Ok, I confess I didn't Beta-read this chapter that well, any mistakes or confusion please tell me so I can change it. Thank you all. Review, Flame, Let me know you read it! *Still is armed with the Fire extinguisher* Wait a sec why do I have this- I'm a pyro-maniac. *lights black candle* *grin* *is an idiot* I know this was out only a day after the first chapter but that was because I had finished both chapters before I posted one, I have no idea when the third chapter will be out. 


	3. Only Memories Remain

~* Regret Nothing *~  
  
By Zaria  
  
"With each celebration of maturity, there is a pang of loss"  
  
- Louise Erdich  
  
Chapter Three: Only Memories Remain  
  
[A/N: short recap {because the author couldn't choose a part to re- tell, if all else fails- go back and try again.}: we left Bulma in a drug enduced sleep after she found out Yamcha's dead (watches the reader cheer, *sweat drop* uh... *declines further comment*). {Hum, she seems to be falling asleep a lot lately. (Who can tell the author has insomnia?)}]  
  
~*~  
  
My skull was cracking into numerous pieces.  
  
Distantly, very distantly. a sound echoes through the cracks splitting along my head.  
  
A faintly familiar sound.. One that I should recognize.  
  
Opening my eyes a slit, half the size of the one running along my skull, I can see only faded blurs dancing like the ideas at the back of my mind.  
  
Opening my eyes wider I see two inky black specks and a glowing sliver among splotches of different dulled colors.  
  
I blink a few times and try to focus through the layers time has condensed itself in to.  
  
The blur the inky specks are stained on moves a section of itself nearer to me then landed on something near, or far, from my head. I cannot really tell- everything is swaying to some music I cannot hear.  
  
The swirly movement left in the air by the Gray Blur in the air is very.  
  
hypnotizing.  
  
There is a loud, distant clunk that echoes through my mind for a long time giving me time to try to place it..  
  
I cannot. The Gray Blur retreated from where it landed but it left part of itself behind.?  
  
I try to sit up and ignore my protesting mussels against the movement too quickly proceeding after the infusion of poison and alcohol.  
  
Once half seated I look at the piece of itself that the Gray Blur left behind.  
  
With my movement blood started to rush to my head, almost overwhelming me but after awhile the sensation passed and the blurs condensed and time was no longer visible.

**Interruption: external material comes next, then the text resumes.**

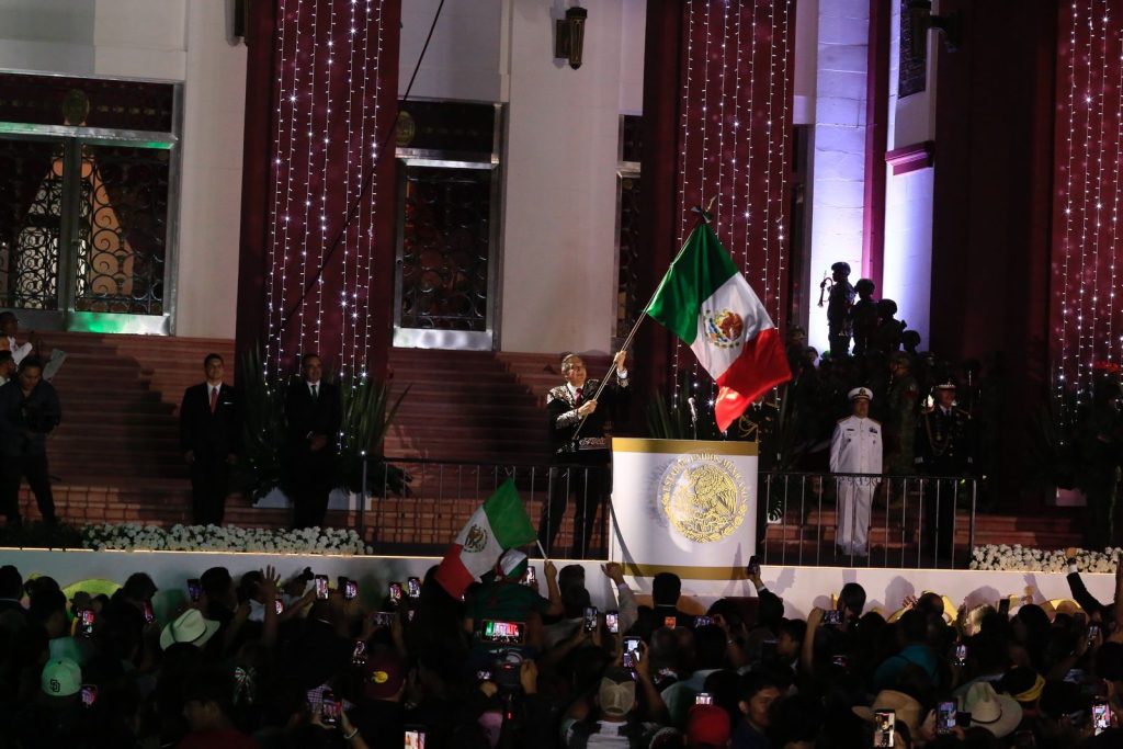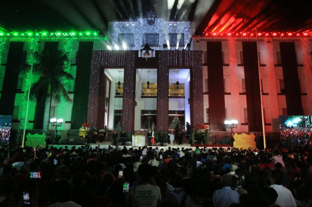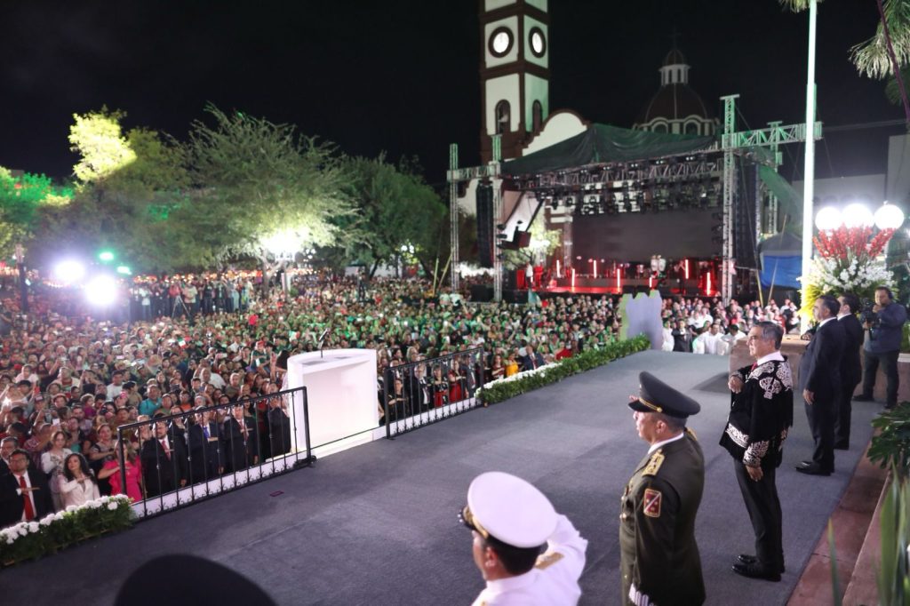 Ciudad Victoria, Tamaulipas.- Miles de familias tamaulipecas se congregaron en la Plaza Juárez de esta capital para conmemorar el 215 aniversario del Grito de Independencia, acto encabezado por el gobernador Américo Villarreal Anaya, quien en su arenga vitoreó a nuestros hermanos y hermanas migrantes, a la honestidad y la justicia, y a los independentistas tamaulipecos.

Though that did nothing to relive my splitting headache.  
  
The part of itself the blur left behind stopped dancing and took on the colour and form of a kocha cup with steam defying gravity to meet my nose.  
  
Because the invisible web of logic and understanding, which suddenly wasn't, now told me to look at what was once known as the Gray Blur, I did.  
  
The inky black specks I had first seen revealed themselves to be the piercing, disapproving eyes of the one person alive whose opinion I valued.  
  
Izamami.  
  
"I."I began but trailed off, not being able to think up a good excuse for my actions or, at least a cover-up. I might have been able to if the blood pounding at my head left room for any other conscious thoughts.  
  
"What you are currently, is beyond the point," she began with a stern, unyielding voice, "it is what you have done."  
  
I slightly bit my lip, dreading what is sure to come and not noticing the way my body seemed to fold up as it slowly, very slowly, began rocking back and forth, back and forth.  
  
"However," She continued what would, undoubtedly, eventually be something a kin to a death sentence in that same hard voice, "what's done is done and that cannot be change. I cannot force you to learn from your mistakes- only hope that these lessons that life teaches will not have to be learned the hard way for you."  
  
I had stopped my slow rocking and, completely disbelieving my luck, looked up at her in utter disbelief.  
  
"Now Bulma," she commanded, " I want you to drink you kocha* and report to the kitchen with empty cup in hand, then you will proceed with the bear remainder of the day as usual. In other words the tea will make you feel better and I wish to hear none of you complaining on that or any other matter for the rest of the day." With lips pulled tight and loose cheeks gaunt and that final word she spun on her heal and walked out of the room.  
  
I stared blankly after her for a while, for how long I couldn't tell because of my skewed perspective on time and, well, life in general.  
  
~*~  
  
Eventually I moved again, to raise the fragile cup and saucer to my bite- scared lips.  
  
Not kicking the glass back yet I inhale the steam while trying not to fall back into my mattress as the steam dispels the headache and mends the metaphorical rips in the side of my head.  
  
However the poison I had willingly imbibed did nothing to help my memory.. I couldn't even remember why I had taken the damn thing.  
  
Drawing my eyebrows together in contemplation I attempt to remember what exactly what had occurred to arise such misery in the sheltered life I now live.  
  
What had I been doing beforehand?  
  
Furrowing my eyebrows on thought I concentrated all my energy on my memory skills.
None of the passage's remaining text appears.